When you think of a high-stakes merger or acquisition, your mind probably goes straight to deal valuation, revenue projections, or integration strategy. But there’s one element that’s often treated as a side issue, until it causes real problems: trademarks.

In many M&A transactions, trademarks, despite being some of the most visible and valuable assets, are underestimated. They’re seen as administrative items rather than strategic priorities. But make no mistake: overlooking trademark risks can seriously derail a deal, affect post-acquisition operations, or even lead to litigation and loss of market presence.

Why Trademarks Deserve More Attention in M&A

Trademarks aren’t just logos or legal terms, they’re symbols of trust, market recognition, and reputation. Whether it’s a product name, a service brand, or a company identity, trademarks are what customers remember, recommend, and remain loyal to.

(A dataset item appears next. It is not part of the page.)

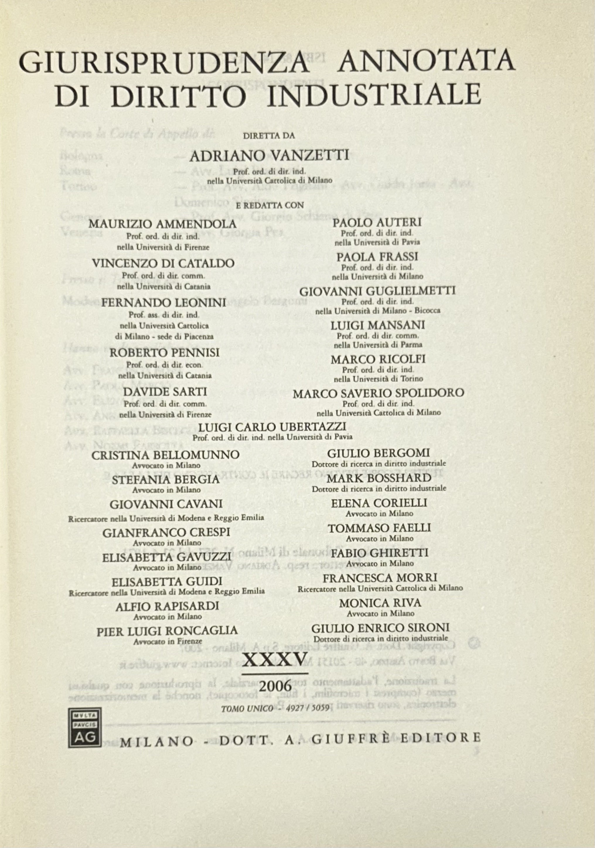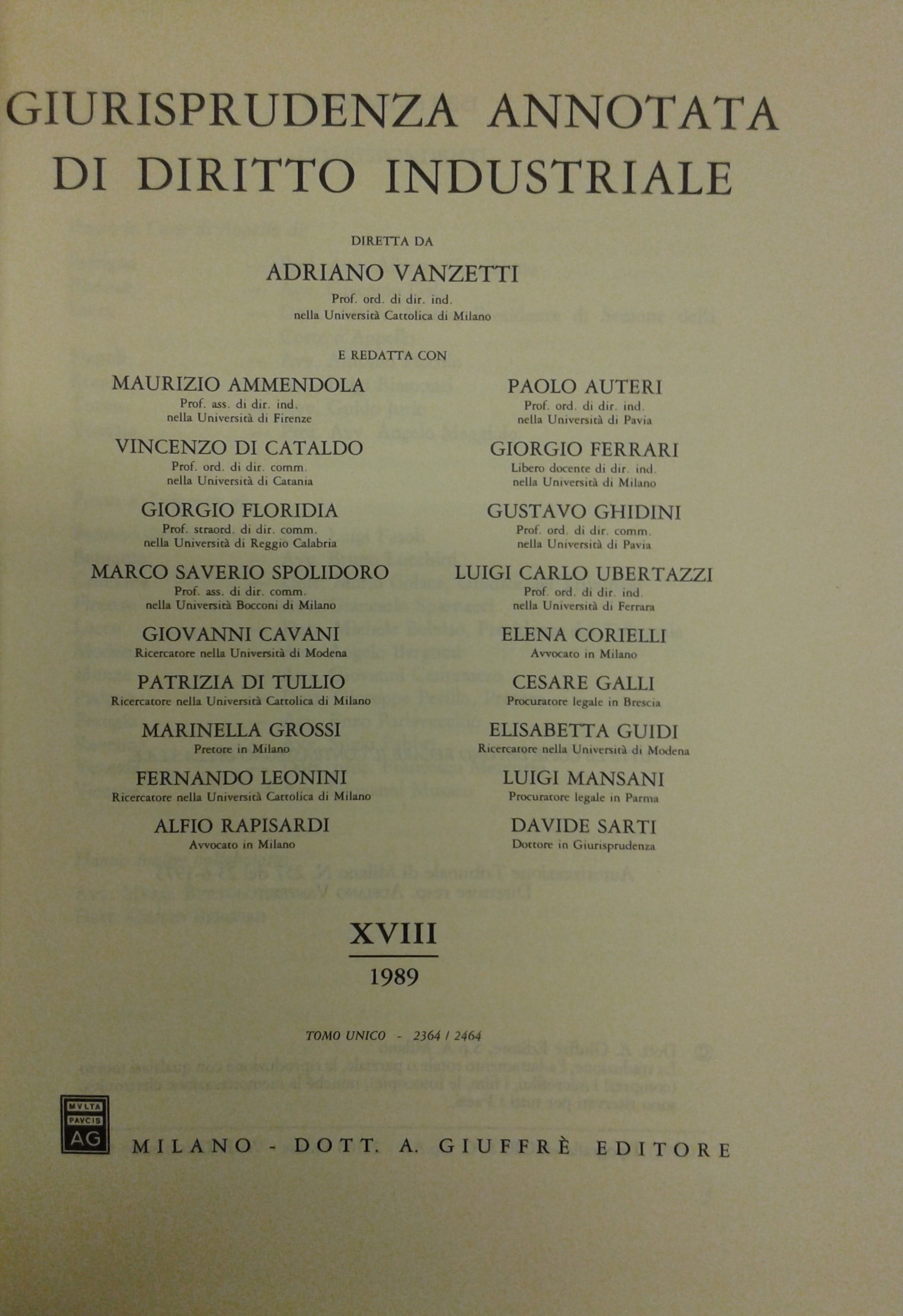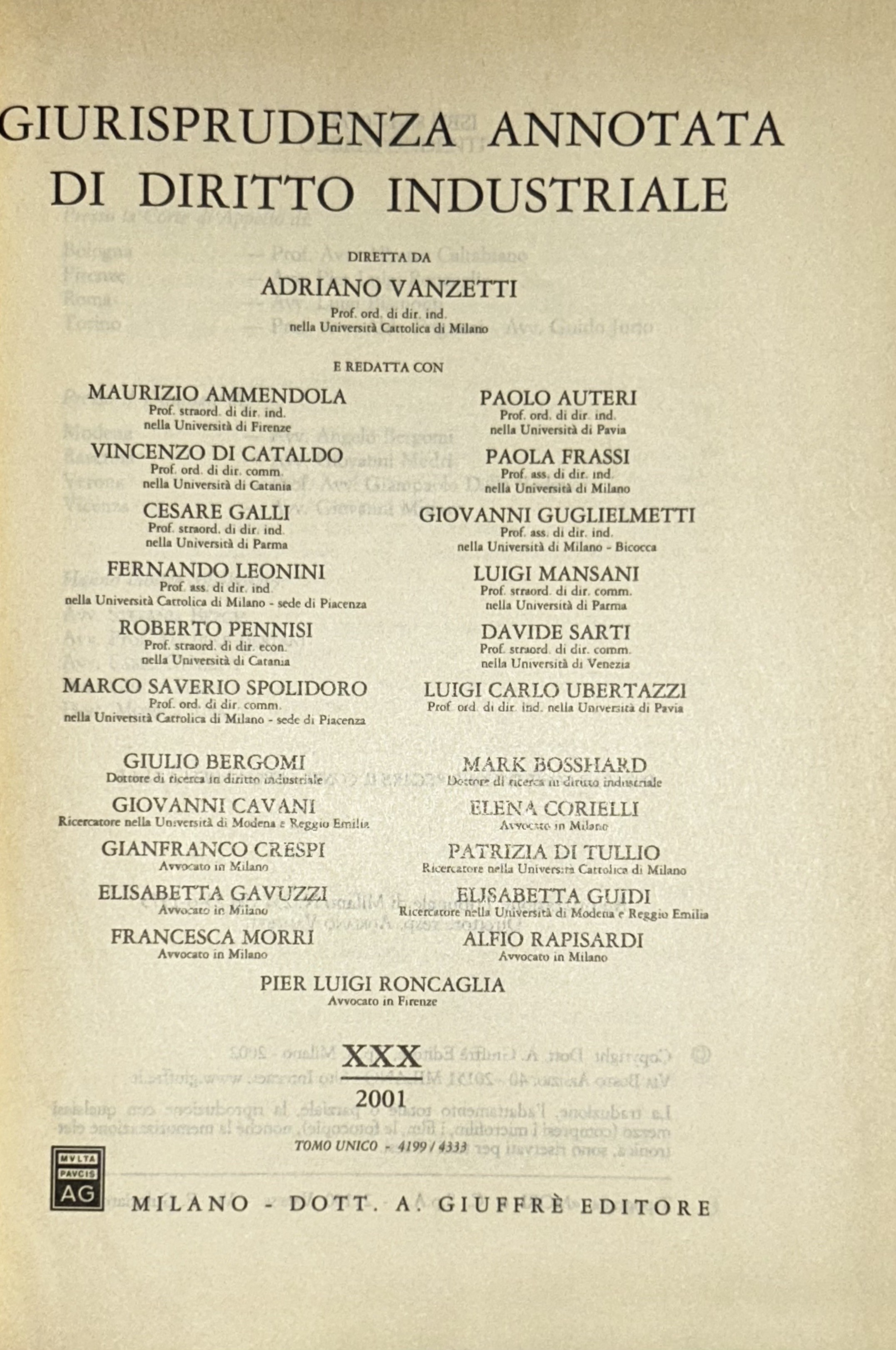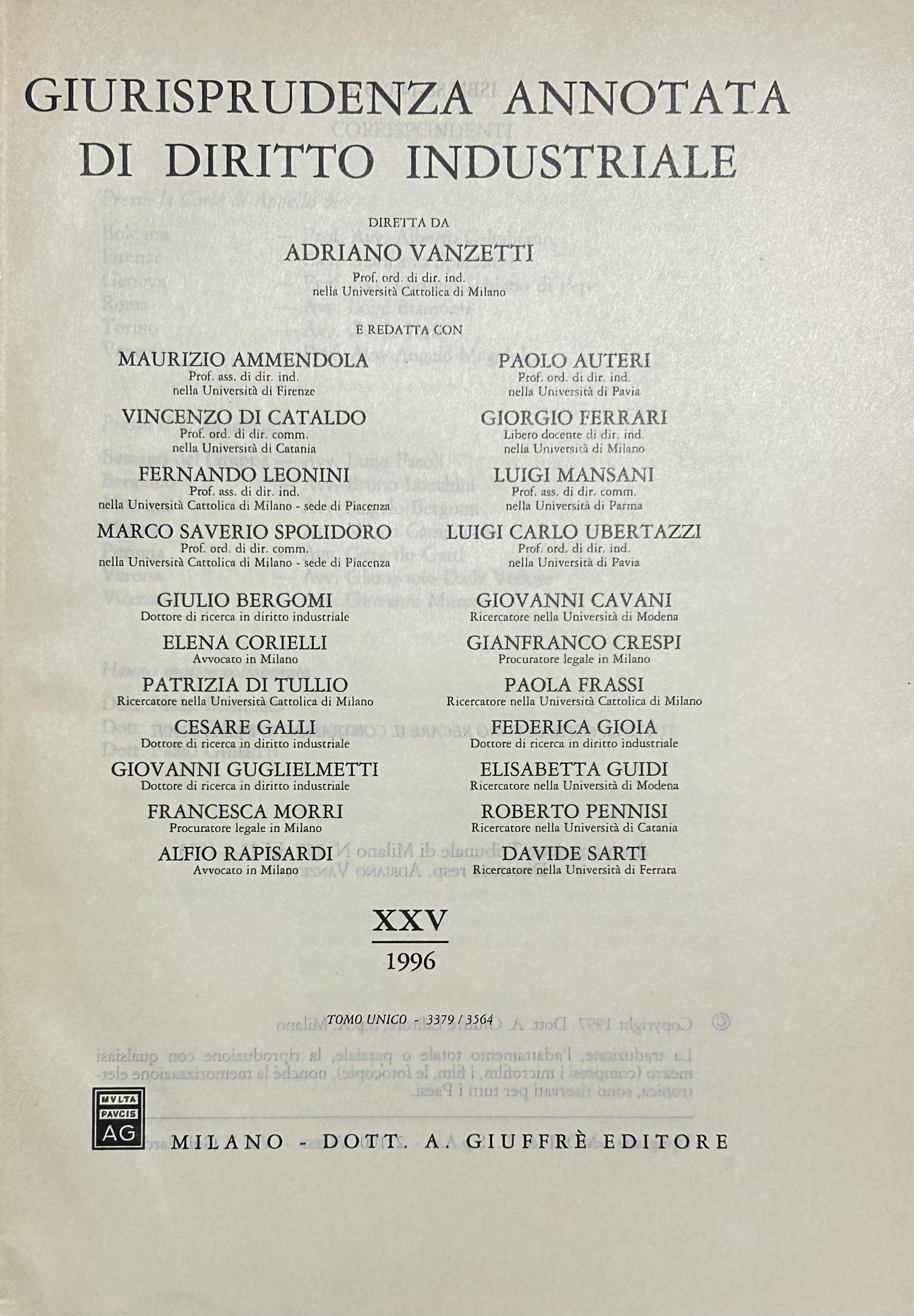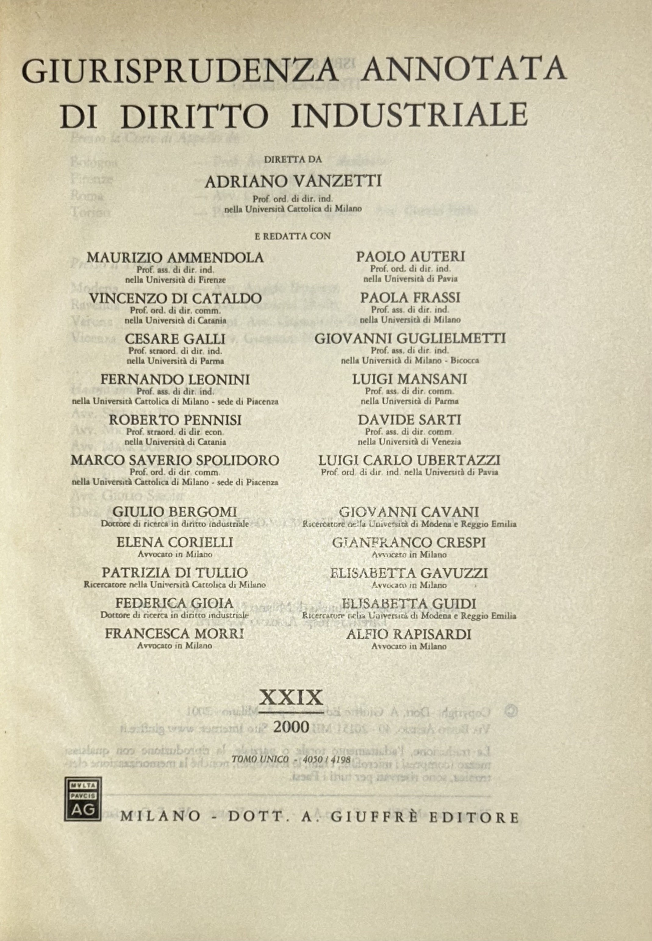 Giurisprudenza annotata di diritto industriale. Diretta da Adriano Vanzetti. Anno VIII - 1979 - Anno XXXVI - 2007

So when one company acquires another, gaining full, clear, and enforceable rights to the brand is crucial for business continuity. That’s why trademarks must be considered early and thoroughly in the M&A process, not after the ink has dried.

Common Pitfalls of Trademark Oversight in M&A Deals

Failing to properly manage trademarks during an acquisition can result in more than minor paperwork issues. It can lead to brand confusion, operational delays, legal disputes, and even financial losses. Here are some of the most common problems:

  1. Post-Deal Restrictions on Brand Use

Many buyers assume that once a deal closes, they’ll automatically get unrestricted rights to all trademarks. But that’s not always the case.

If trademarks haven’t been transferred correctly, or if they’re subject to third-party rights (such as existing licence agreements), the buyer may find itself unable to use the brand in key markets.

Example:

Imagine acquiring a well-known regional brand, only to discover during rollout in a new market (like the U.S. or China) that the main product name was never registered there. You can’t sell under the name, and instead, you’re forced to rebrand, re-educate customers, and launch new marketing campaigns, all at great cost.

  1. Inheriting Hidden Liabilities

Poor trademark due diligence can result in the buyer inheriting hidden legal or financial liabilities, including:

  • Ongoing trademark disputes or litigation;
  • Rights-sharing or co-ownership complications;
  • Pre-existing licences or liens;
  • Tax liabilities linked to previous IP valuations.

These surprises usually come to light only after the deal is finalised, when fixing them is far more difficult and costly.

Real-World Case: Nokia’s Acquisition of Alcatel-Lucent

After Nokia acquired Alcatel-Lucent in 2016, it faced complicated IP issues, including disputes over ownership and enforcement rights in multiple jurisdictions. These weren’t limited to patents, they also involved trademarks and brand rights, creating post-deal friction and legal exposure.

  1. Jurisdictional Gaps and Cross-Border Headaches

In cross-border M&A deals, the complexity increases. Trademark systems vary by country, and registration in one place doesn’t guarantee protection elsewhere. In some jurisdictions, a trademark must be formally assigned and recorded for the buyer to have full rights.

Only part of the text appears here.